Discussion in 'Journalism topics only' started by KP, Jun 8, 2009.

  1. mustangj17

    mustangj17 Active Member

    A 23 percent pay cut would do me in. I would probably lose it and quit on the spot.
     
  2. buckweaver

    buckweaver Active Member

    I find that very, very hard to believe.

    And yeah, I live in Cali, too. Not everybody, even at major papers out here, is making $80,000, and it's just as expensive. Certainly some managers are. Some columnists and high-profile writers, too (the ones who haven't been laid off, anyway.) Not most production folk, not most reporters.
     
  3. FileNotFound

    FileNotFound Well-Known Member

    Agree with Buck here. I'm fairly familiar with the pay scales at large newspapers. Your average reporter/desk person is probably still shy of $60K; only upper management and elite writers/columnists are clearing six figures (and even at that, probably not by much).
     
  4. Armchair_QB

    Armchair_QB Well-Known Member

    Me too.

    Maybe if you took the combined salaries of two or three employees you might get into six figures.
     
  5. I Digress

    I Digress Guest

    This is a landmark case. If the NLRB rules against the Guild, or if they lose in court.. then every union paper in the country is free to void their contracts and arbitrarily reduce pay any amount they want.
     
  6. Armchair_QB

    Armchair_QB Well-Known Member

    Wouldn't that also be true for any union anywhere if the Guild loses? It wouldn't just impact newspaper unions.
     
  7. OnTheRiver

    OnTheRiver Active Member

    I don't belong to a union, and never have, so I don't know how they do these votes.
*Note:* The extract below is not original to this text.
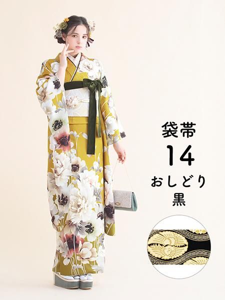正絹振袖レンタルセット オールドフラワー(カラシ)/帯 おしどり(黒)

    But if it's a paper ballot, I hope someone also wrote "And tell 'em to go fuck themselves" below the checkmark.
     
  8. Joe Williams

    Joe Williams Well-Known Member

    This is a case for Michael Gee.

    But my hunch is, the Globe folks are indeed at $80K and above, on average. The reporters and copy editors, anyway, don't know about the backroom folks.
     
  9. Armchair_QB

    Armchair_QB Well-Known Member

    80K ain't much in Boston if you're trying to feed a family.
     
  10. da man

    da man Well-Known Member

    Having worked at more than one major metro paper, I'd say your estimate is way high.
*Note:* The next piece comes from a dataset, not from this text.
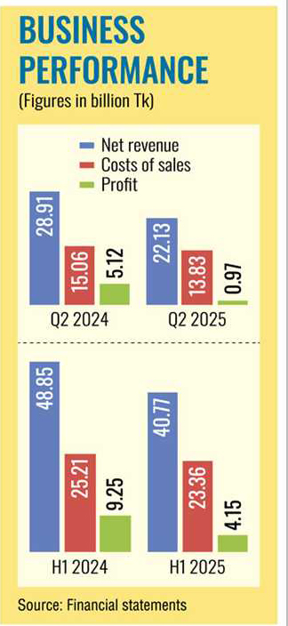 The company's net revenue for the quarter declined to Tk 22.13 billion, over 23 per cent down from Tk 28.91 billion in the corresponding quarter of 2024.

    Don't know the Globe's pay scale specifically, but at the majors I've worked for, few were making $80,000. I'd be surprised if the Globe's average salary was even close to that. I guess the big numbers of the top columnists could pull the average up quite a bit, but I'd bet the vast majority is well under $80,000.
     
  11. LongTimeListener

    LongTimeListener Well-Known Member

    If someone has evidence to the contrary, I would love to hear it. But I would suggest you run your theory past copy editors at the Globe, Washington Post, New York Times, Los Angeles Times and Wall Street Journal and see what they think. Then I would suggest you ask people who five years ago were at Dallas, Chicago, Philadelphia, Miami or Fort Lauderdale and get their opinions. You will find that you are laughably misinformed. (The reason I say five years ago is because by that point, after all, most of the Globe employees were in the door and on their wage scale. There have been no pay cuts since then.)

    I link below to the contract for the Minneapolis Star Tribune, which was agreed upon in August 2008 under great duress. Its minimum -- MIN-I-MUM -- salary for a six-year newsroom veteran is $69,888.

    http://www.shoptalknet.org/contracts/ContractStarTribune.htm

    And you are telling me that despite their relative places in the pecking order, Globe staffers are by and large making $10,000 less than that. Uh, OK.
     
  12. playthrough

    playthrough Moderator Staff Member

    I feel for small-town journalists making 22k who take a pay cut.
    I feel for big-city journalists making 90k who take a pay cut.

    It's a shitty deal either way, LongTime.